In a particular application, a combined search could be implemented where a search is trypsin and the hits are tallied to each segment then a search is carried out with other enzymes and hits are tallied to each segment. Finally, the hits to each segment from the two searches are summed to give a composite score per segment. Only hits that are in the same frame are summed. This combined approach would dramatically increase the sensitivity of identification.

It is also possible to take missed cleaved peptides and modified peptides into account. When the cleavage rules are used to determine the theoretical peptides, the sequence of peptides resulting from a missed cleavage can also be calculated. This allows the mass of these peptides to also be determined. During the application of the method of the present invention these masses can also be compared to experimental masses. Similarly, one can calculate the mass of a modified form of each of the peptides and check these masses also when comparing against the experimental masses.

The method can be automated by writing an application or Script to take a series of peak lists and submit each in turn to a search against the genome. The results of this search can be databased and reviewed at a later time to determine the correct hit.

The present invention works particularly well with small genomes such as bacterial and yeast genomes or other eukayote genomes that have few introns and small amounts of non-coding DNA.
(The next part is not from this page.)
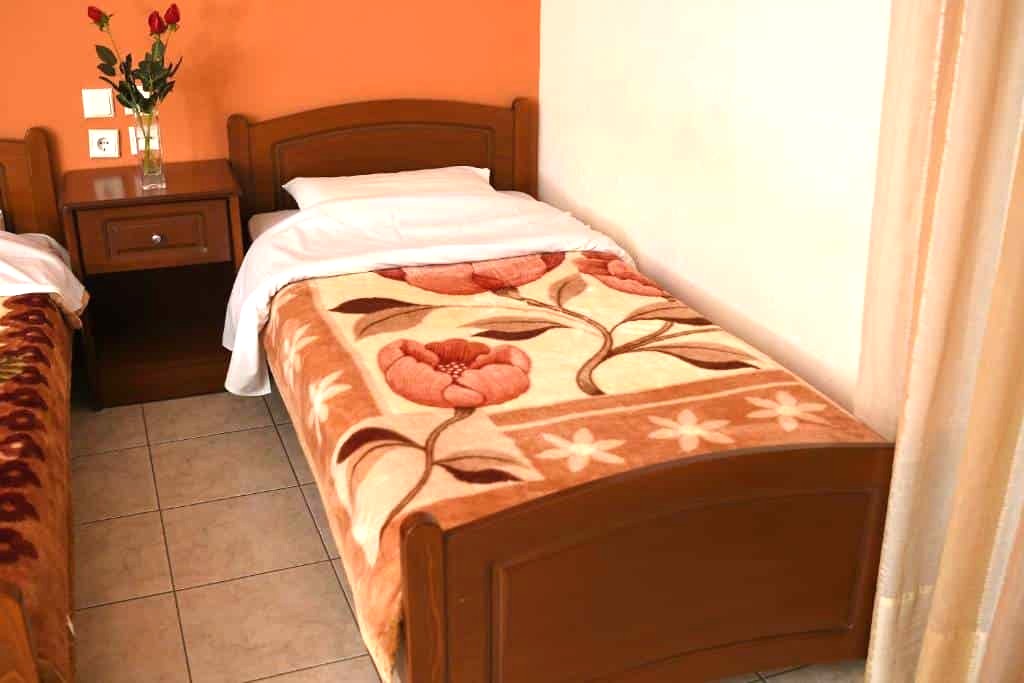 - Vila Manos se nalazi na izuzetnoj lokaciji, u glavnoj ulici koja ide od Lidla ka crkvi, oko 220 metara od plaže, u centru Paralije i u blizini svih prodavnica, taverni, kafića, suvenirnica i ostalih turističkih sadržaja. Veliki supermarket Lidl je udaljen svega 50-ak metara.
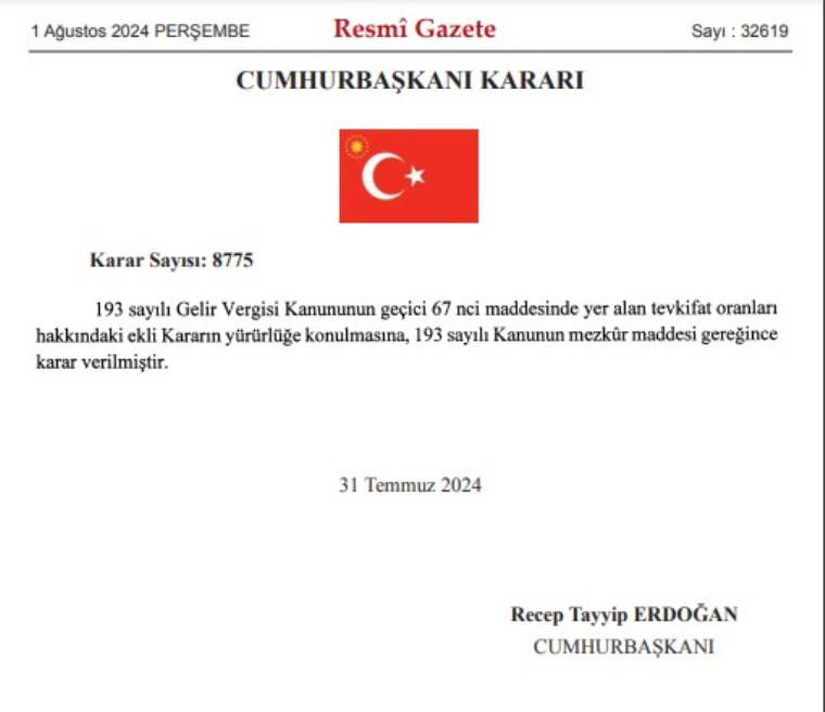 AKP Genel Başkanı ve Cumhurbaşkanı Tayyip Erdoğan'ın imzasıyla Resmi Gazete’de yayımlanan kararla KKM’ye 6 ay vadeli olanlarda yüzde 7,5, 1 yıla kadar vadeli olanlarda yüzde 5 stopaj getirildi.

The method can also be used for the detection of pseudo genes which are versions of genes which have become defunct and identifying “protein families” of similar proteins. When a protein from a family of proteins is detected, a number of regions having a large number of matches may be identified. This indicates that the proteins may be members of the same protein family which may be for example be expressed in different tissues.

It will be appreciated by persons skilled in the art that numerous variations and/or modifications may be made to the invention as shown in the specific embodiments without departing from the spirit or scope of the invention as broadly described. The present embodiments are, therefore, to be considered in all respects as illustrative and not restrictive.